── Source records ──
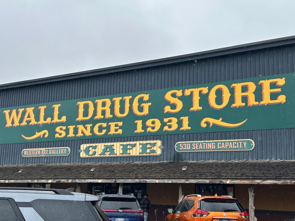 As we departed the Badlands, it just happened to be lunchtime, and we just happened to be near Wall Drug. So off we went to check out another tourist trap. The whole town of Wall leaned heavily on the draw of Wall Drug and the place was surrounded by every possible shop you could imagine. We didn’t pan for gold or go gem mining or even buy boots. We did have a delicious lunch and amazing cherry pie. Of course, I also had to enjoy some free ice water. If you know, you know. ;)
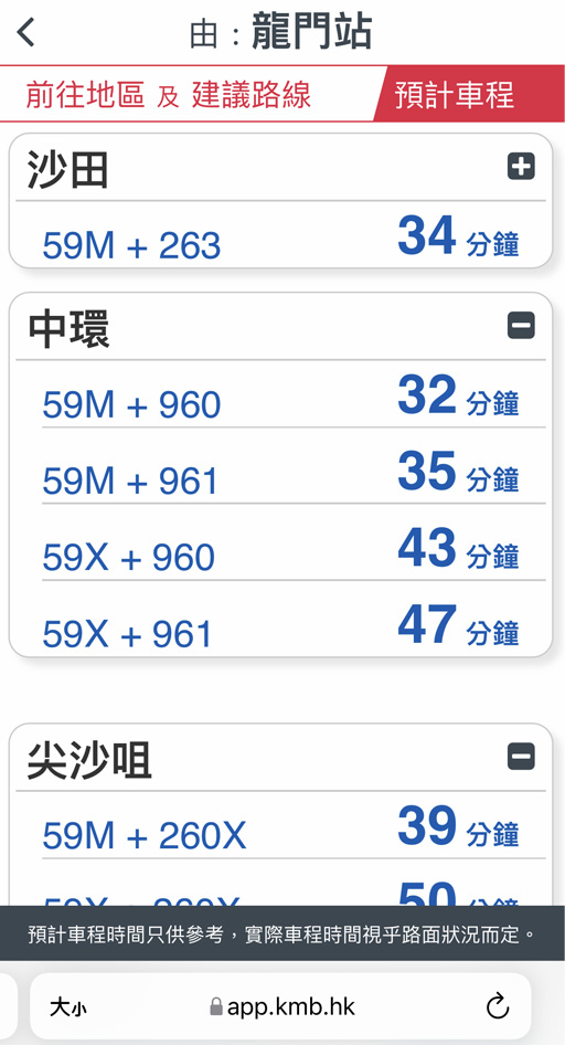 由香港科技大學開出 17:50、18:00、18:15 |
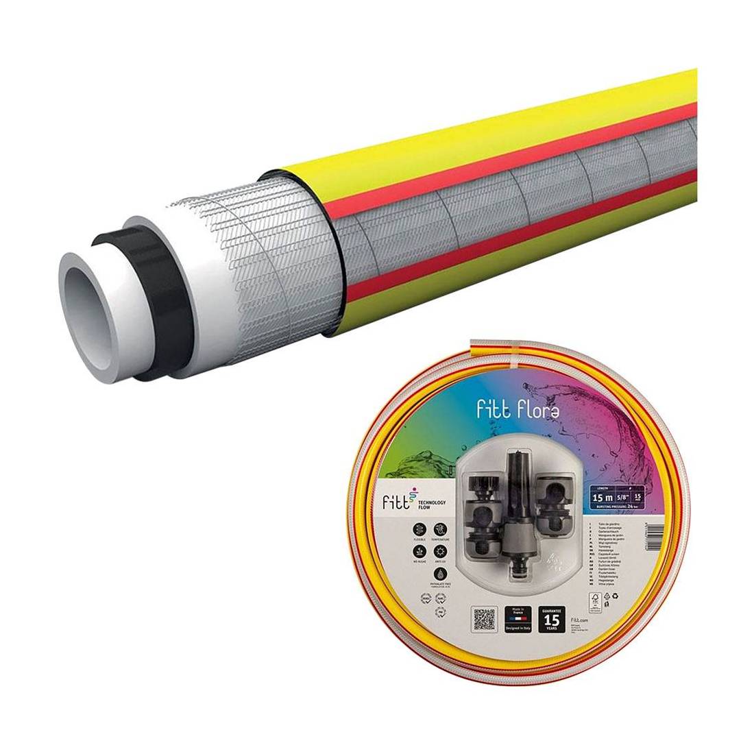Tubo coestruso in 5 strati antitorsione, di altissima qualità costruttiva. Dotato di elevata flessibilità e malleabilità. Rinforzo tessile magliato con spirale, strato intermedio di sostegno bianco, strato nero anti-alga, interno protettivo bianco. Rivestimento esterno giallo con banda trasparente e due righe rosse. Indicato per uso intensivo nel giardinaggio. Completo di set raccordi e lancia, con presa rubinetto 3/4'.
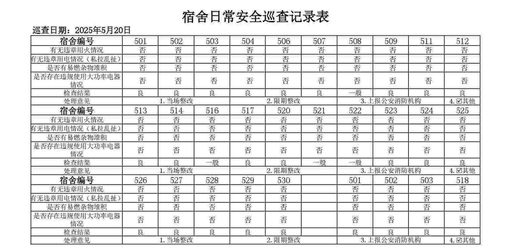 5月20日研究生宿舍卫生安全检查情况公示
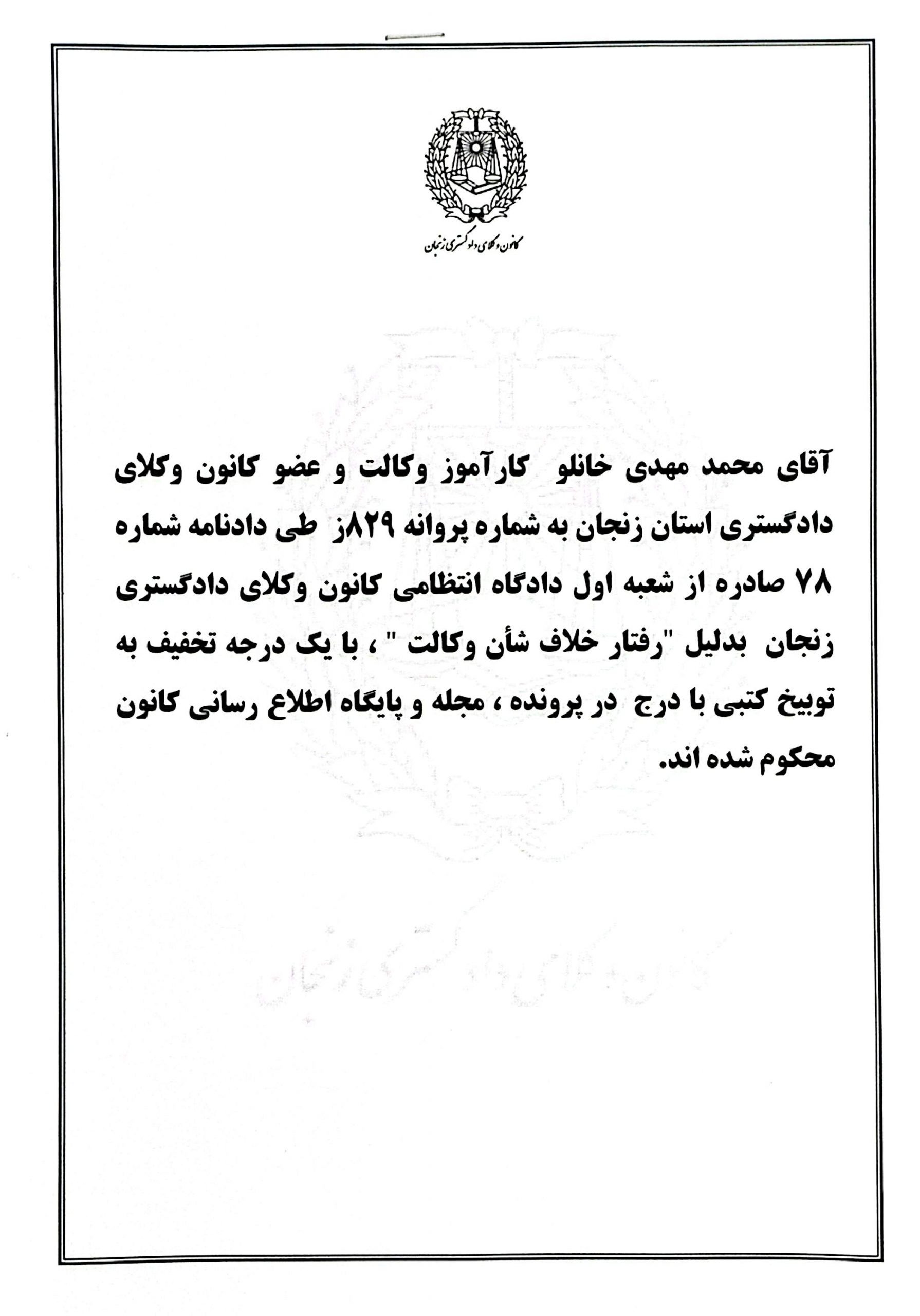 عضویت اعضای کانون وکلای دادگستری زنجان  اطلاعات بیشتر →
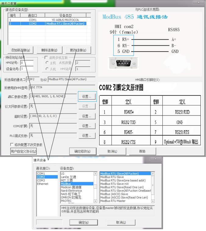 選擇實際的設備型號,對應需要讀取的串口,PLC類型(MODBUS),選擇Modbus RTU Slave(All fuction)
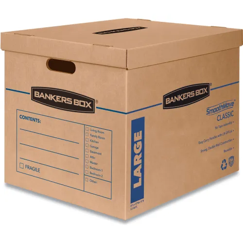 Bankers Box® SmoothMove Basic Large Moving Boxes, 21"L x 17"W x 17"H, Kraft/Blue, 5/Pack
───
Copy these entries precisely and drop any picture.

== Expected answer ==
 As we departed the Badlands, it just happened to be lunchtime, and we just happened to be near Wall Drug. So off we went to check out another tourist trap. The whole town of Wall leaned heavily on the draw of Wall Drug and the place was surrounded by every possible shop you could imagine. We didn’t pan for gold or go gem mining or even buy boots. We did have a delicious lunch and amazing cherry pie. Of course, I also had to enjoy some free ice water. If you know, you know. ;)
 由香港科技大學開出 17:50、18:00、18:15 |
Tubo coestruso in 5 strati antitorsione, di altissima qualità costruttiva. Dotato di elevata flessibilità e malleabilità. Rinforzo tessile magliato con spirale, strato intermedio di sostegno bianco, strato nero anti-alga, interno protettivo bianco. Rivestimento esterno giallo con banda trasparente e due righe rosse. Indicato per uso intensivo nel giardinaggio. Completo di set raccordi e lancia, con presa rubinetto 3/4'.
 5月20日研究生宿舍卫生安全检查情况公示
 عضویت اعضای کانون وکلای دادگستری زنجان  اطلاعات بیشتر →
 選擇實際的設備型號,對應需要讀取的串口,PLC類型(MODBUS),選擇Modbus RTU Slave(All fuction)
 Bankers Box® SmoothMove Basic Large Moving Boxes, 21"L x 17"W x 17"H, Kraft/Blue, 5/Pack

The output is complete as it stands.